= DATA EXCERPT =
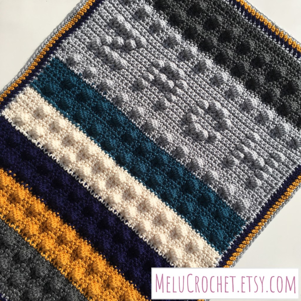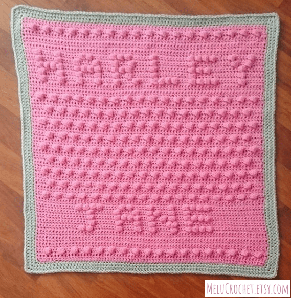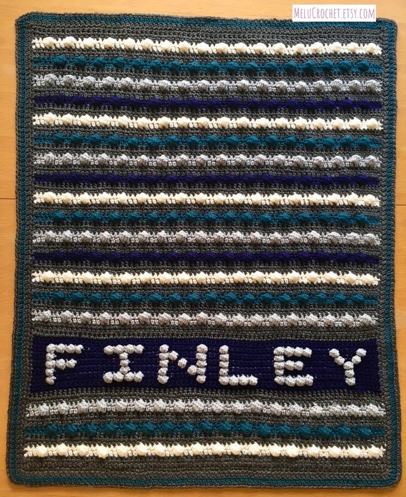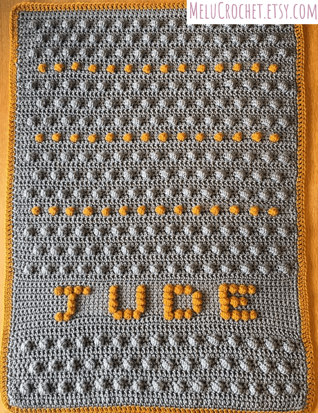 then you will follow the bobble stitch chart (with your added letters) to create the name part of your blanket.
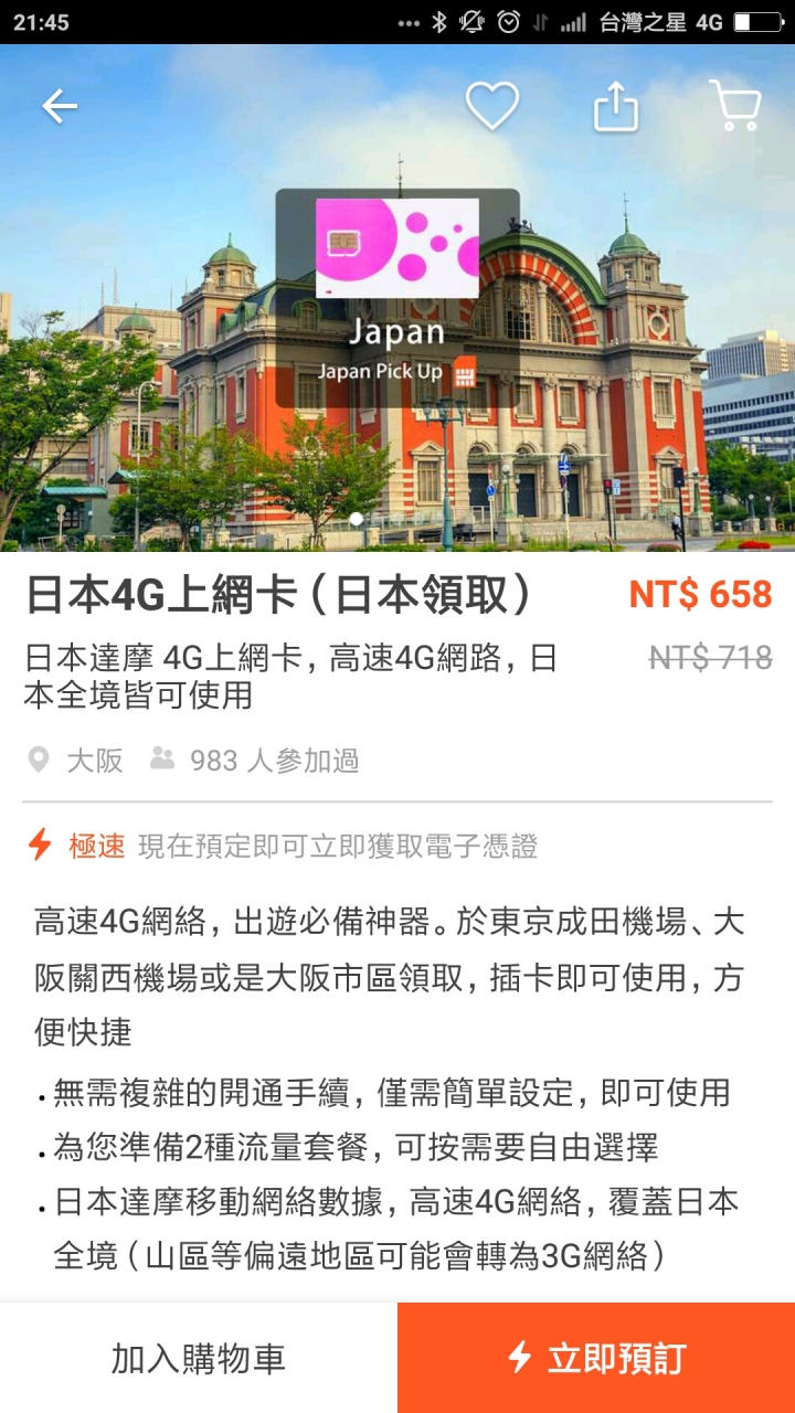 買台哥大日本漫遊預付卡就好了,還比較便宜。
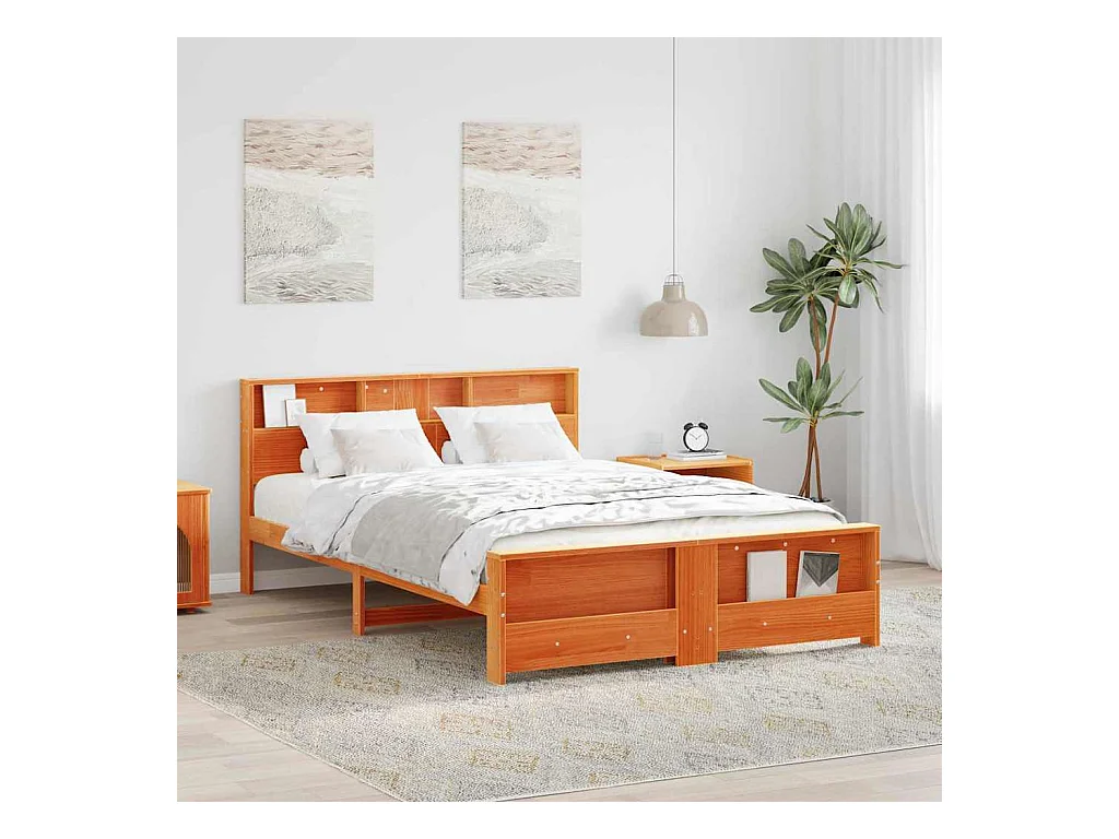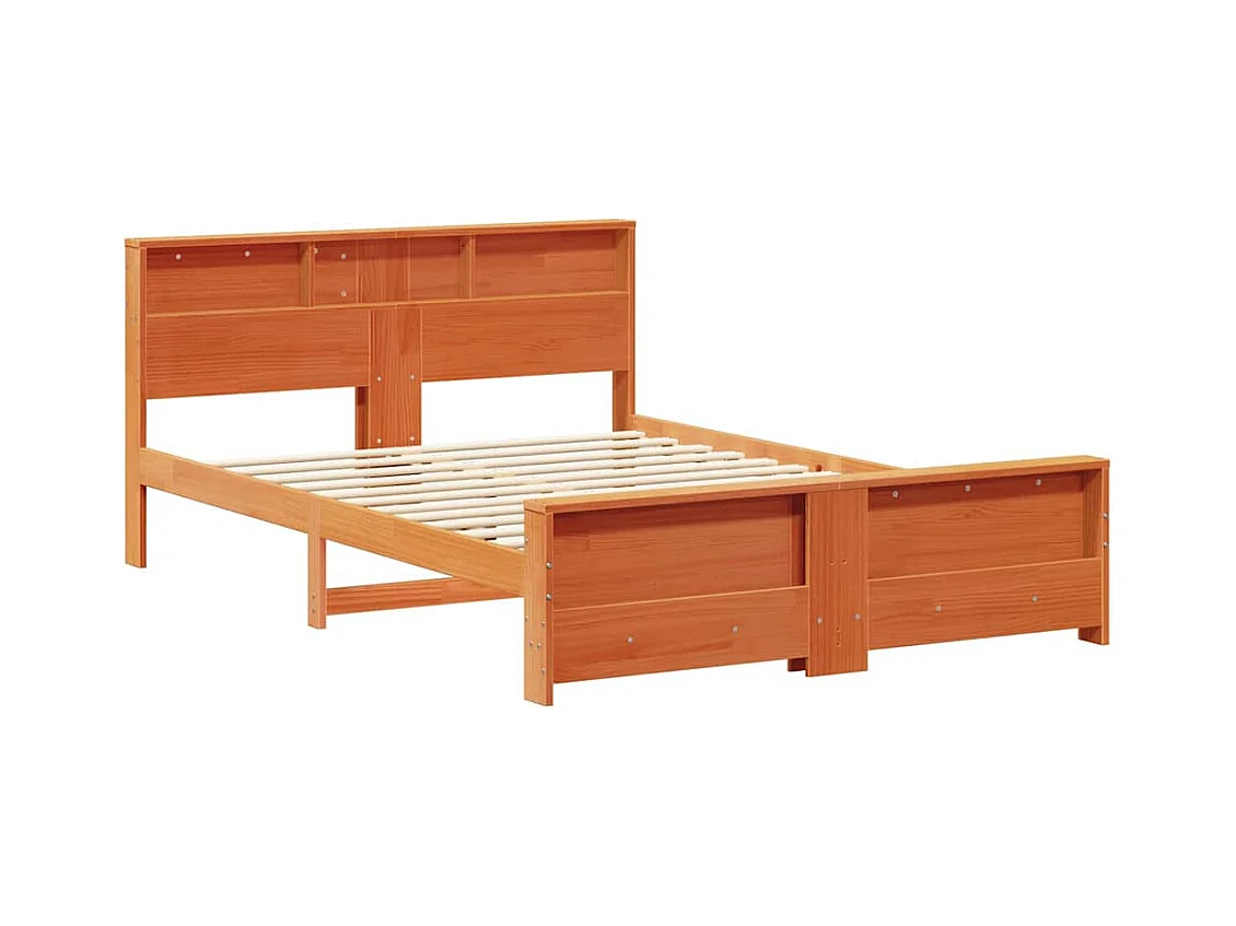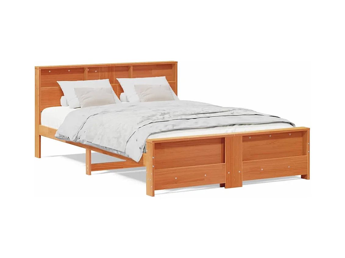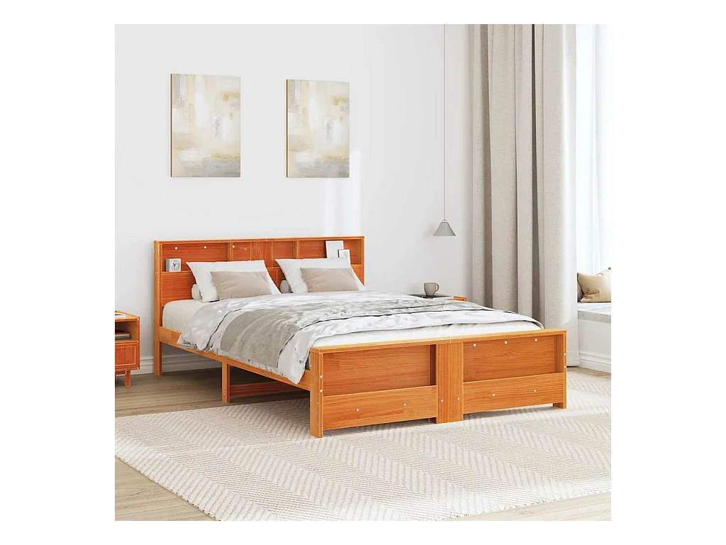 Lit bibliothèque sans matelas cire marron 140x200 cm pin massif

= INSTRUCTIONS FOR THE TASK =
Word for word, restate all of the material, omitting the images.

= ANSWER SECTION =
 then you will follow the bobble stitch chart (with your added letters) to create the name part of your blanket.
 買台哥大日本漫遊預付卡就好了,還比較便宜。
 Lit bibliothèque sans matelas cire marron 140x200 cm pin massif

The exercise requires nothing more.